[Opening STORED DATA section]

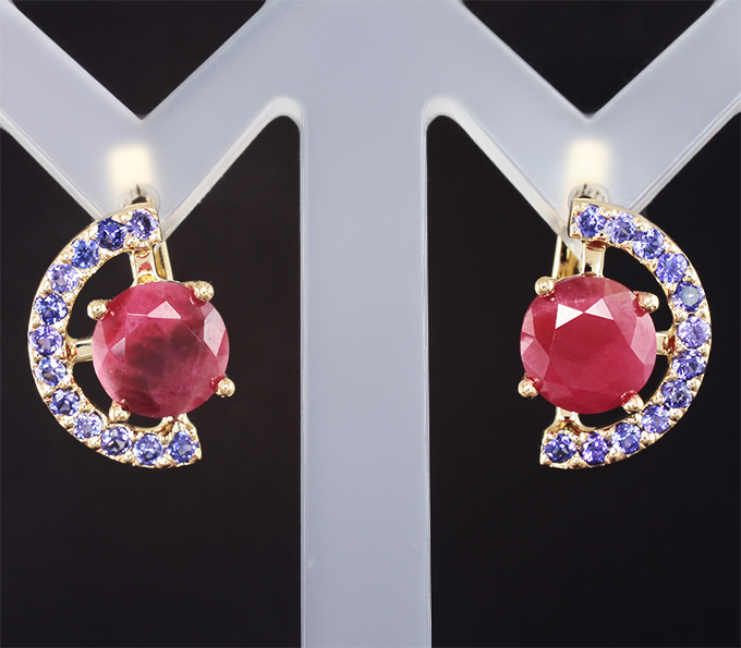 Вашему вниманию предлагаются серьги из желтого золота 585 пробы с родонитами и сапфирами с фиолетовым оттенком! Диаметр дополнительной инкрустации 2 мм. Площадка серег 16 х 12 мм. Вес пары 5,91 г. Ниже приводятся ювелирные характеристики родонитов.
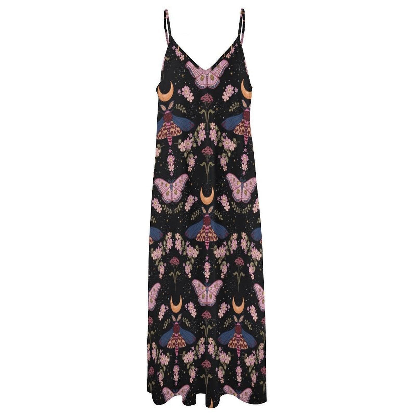 Moon moth floral dress, Witchcore butterfly summer gown, Crescent moon boho sundress, Fairy goth garden outfit, Celestial black maxi look
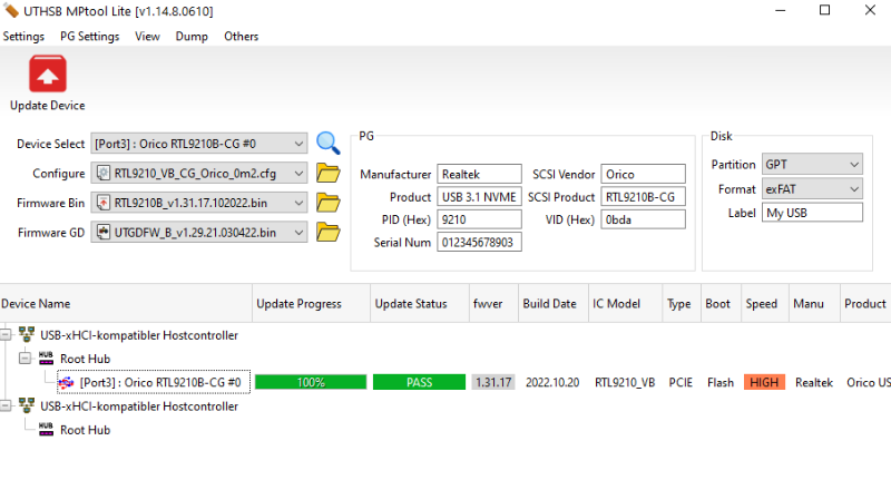 I have updadet Orico with UTGDFW_B_v1.29.21.030422 and Orico Config
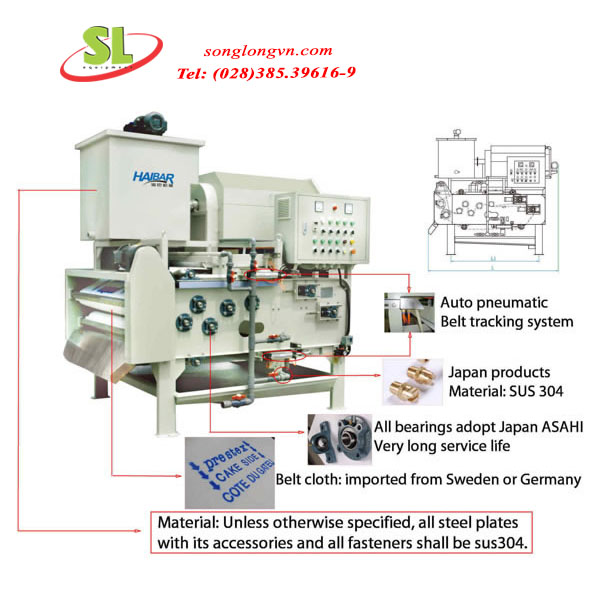 Tính năng đặc điểm của máy ép bùn băng tải:

[Closing STORED DATA section]

**WORK REQUIRED**
Reproduce the data above in full, exactly as it is, with the pictures left out.

**EXERCISE RESPONSE**
 Вашему вниманию предлагаются серьги из желтого золота 585 пробы с родонитами и сапфирами с фиолетовым оттенком! Диаметр дополнительной инкрустации 2 мм. Площадка серег 16 х 12 мм. Вес пары 5,91 г. Ниже приводятся ювелирные характеристики родонитов.
 Moon moth floral dress, Witchcore butterfly summer gown, Crescent moon boho sundress, Fairy goth garden outfit, Celestial black maxi look
 I have updadet Orico with UTGDFW_B_v1.29.21.030422 and Orico Config
 Tính năng đặc điểm của máy ép bùn băng tải:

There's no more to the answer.